R.I.P. Los Angeles Register, 2014-2014
Death came like a thief last night for the Los Angeles Register, via an 11:00 PM memo from DoNotReply@Freedom.com. Sent by the ever-optimistic Aaron Kushner and Eric Spitz, who own the Register's parent company, Freedom Communications, the email took six paragraphs to get to the bad news:
We have made the decision to cease publication of the Los Angeles Register, effective immediately.
And so today's print edition will be the Register's last. Reporters have been told to take the day off and report to Orange County on Wednesday morning. That's bad news for L.A. Register employees, who may have to relocate, but even worse news for O.C. Register employees, including many award-winning veterans who earn more than their generally younger L.A. colleagues, and might therefore be on the chopping block.
"The way it seems is most of the L.A. people all have a job in Orange County," says one L.A. Register reporter.
And O.C. Register reporter Christopher Earley tweeted something along the same lines:
As we reported on Friday, rumors of the L.A. Register's demise had been in the ether all of last week. That doesn't make the news any more shocking – most businesses are given at least a year to eke out a share of the market. The Register was given just five months.
The Kushner/Spitz memo vaguely alludes to keeping the L.A. Register website going, but it appears that no one has been assigned to staff it full time. And at any rate, the site, still largely unknown to L.A.-area residents, wasn't getting much traffic — according to one source, its homepage was getting just a few hundred clicks a day.
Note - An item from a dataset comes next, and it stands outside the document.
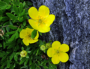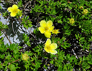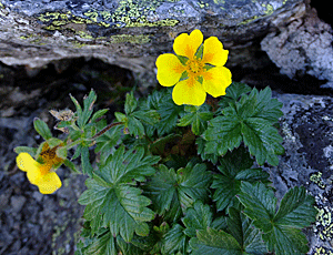 | ウラジロキンバイ:バラ科 『ミヤマキンバイに似ているが、 茎や葉の裏に綿毛が生えていることが名前の由来 北海道の礼文島や夕張岳、中部地方の白馬岳、八ヶ岳、 北岳、荒川岳などに生育する』・・・だって |
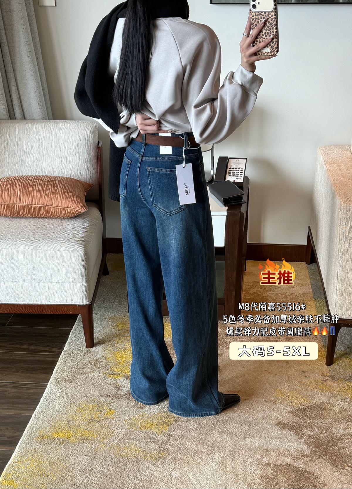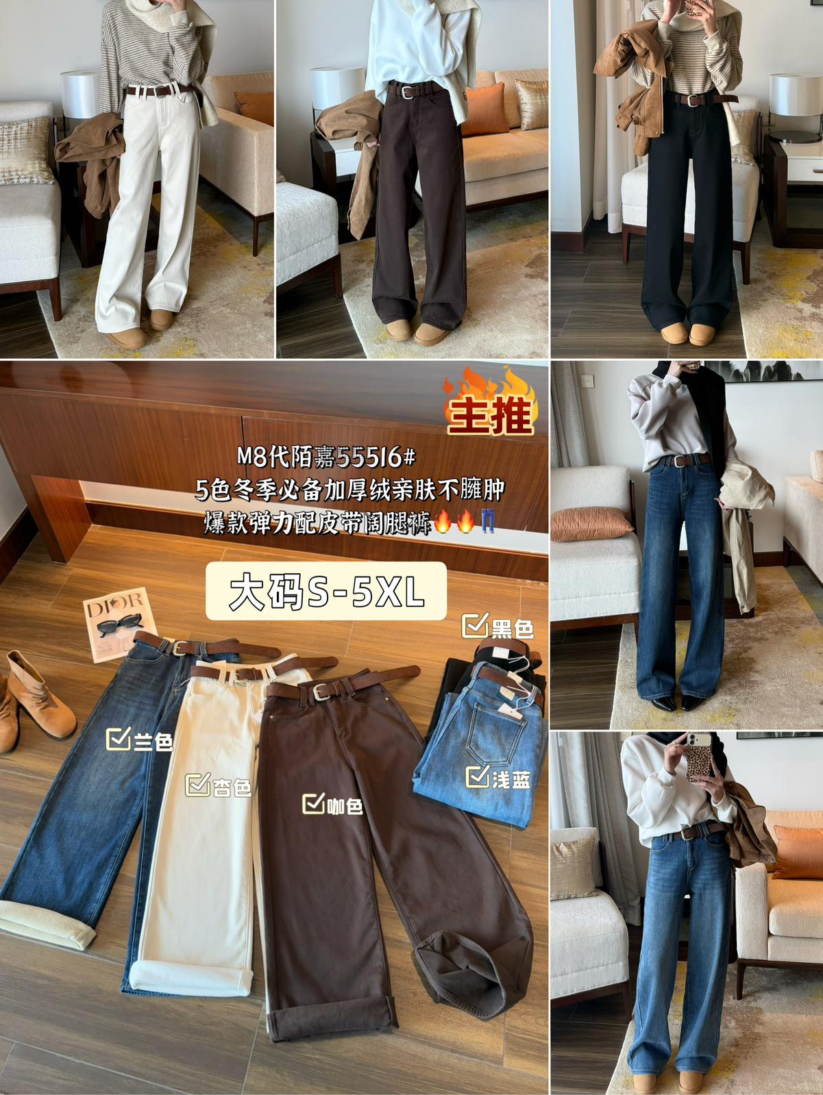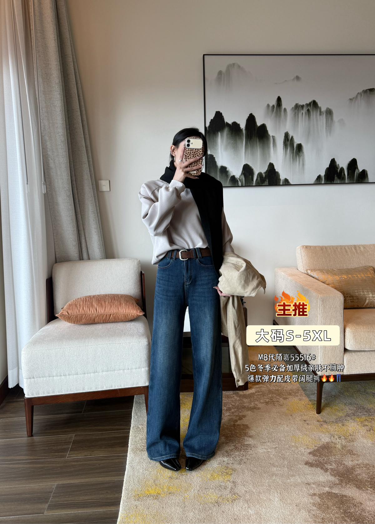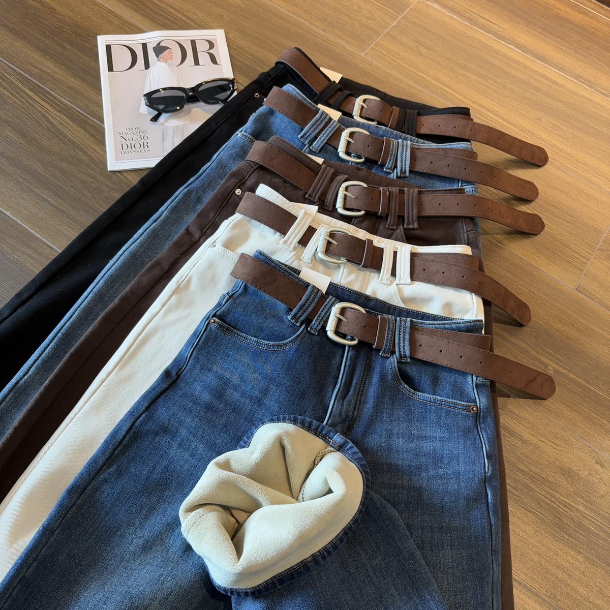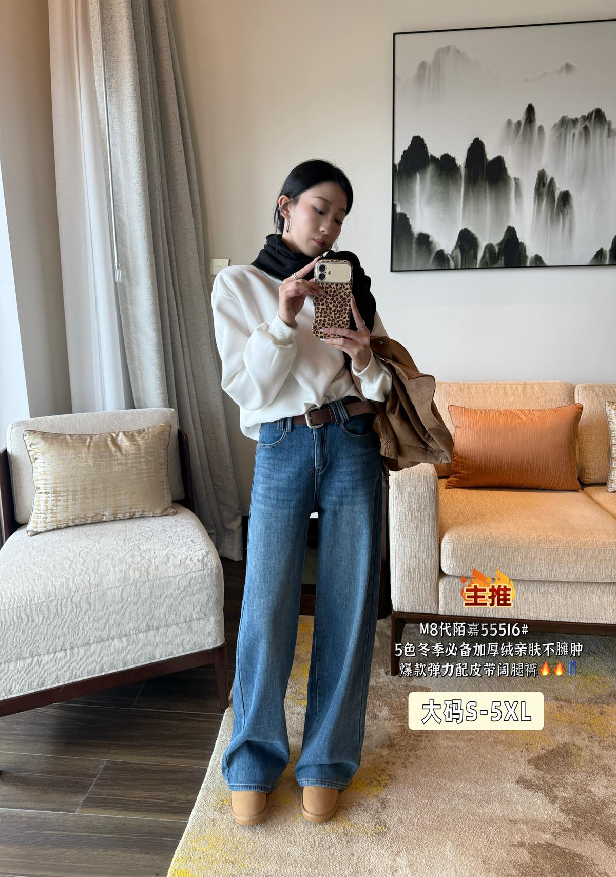 【C7614】冬季加厚保暖複合密密絨大碼簡約百搭五色彈力闊腿拖地褲牛仔褲(配腰帶)(大碼可穿200斤)

In his postmortem, Kevin Roderick of LA Observed writes:
The Register did good stories, but its impact on the local news market was essentially nil. There just wasn't a critical mass of people looking to pay for or consume what it was offering: the same news and local feature stories as everybody else, a kooky lineup of columnists that included, for no apparent reason, Kareem Abdul-Jabbar, and a marketing campaign that promised the Register would be less liberal than the competition. I don't think I have seen the print paper more than twice since the first day. And I never heard anybody talk about something they read in the LA Register.
In their long and strangely sterile memo, Kushner and Spitz took preemptive offense at the notion that they had failed by expanding into Los Angeles, a sprawling metropolis with two long-established daily newspapers:
Pundits and local competitors who have closely followed our entry into Los Angeles will be quick to criticize our decision to launch a new newspaper and they will say that we failed. We believe, the true definition of failure is not taking bold steps toward growth. While we tried an important new initiative and determined it did not meet our criteria for success, it does not mean that our business as a whole has failed. Rather we have made and will continue to make the difficult but necessary evaluations of where we focus our team’s energy and resources that will generate the most growth and the most impact for our business and our community.
While no one can fault Kushner and Co. for trying something bold like hiring reporters to do journalism, their internal pressure on reporters to come up with upbeat stories the bosses believed readers would flock to, and their print-centric approach — both aims derided as naive — have indeed proven to be so.
Update, 11:30 AM: It appears that the layoffs have already started. The names include one L.A. Register staffer – the columnist Bill Johnson. All others appear to be from the other side of the orange curtain. The O.C. Weekly's Gustavo Arellano is keeping a list.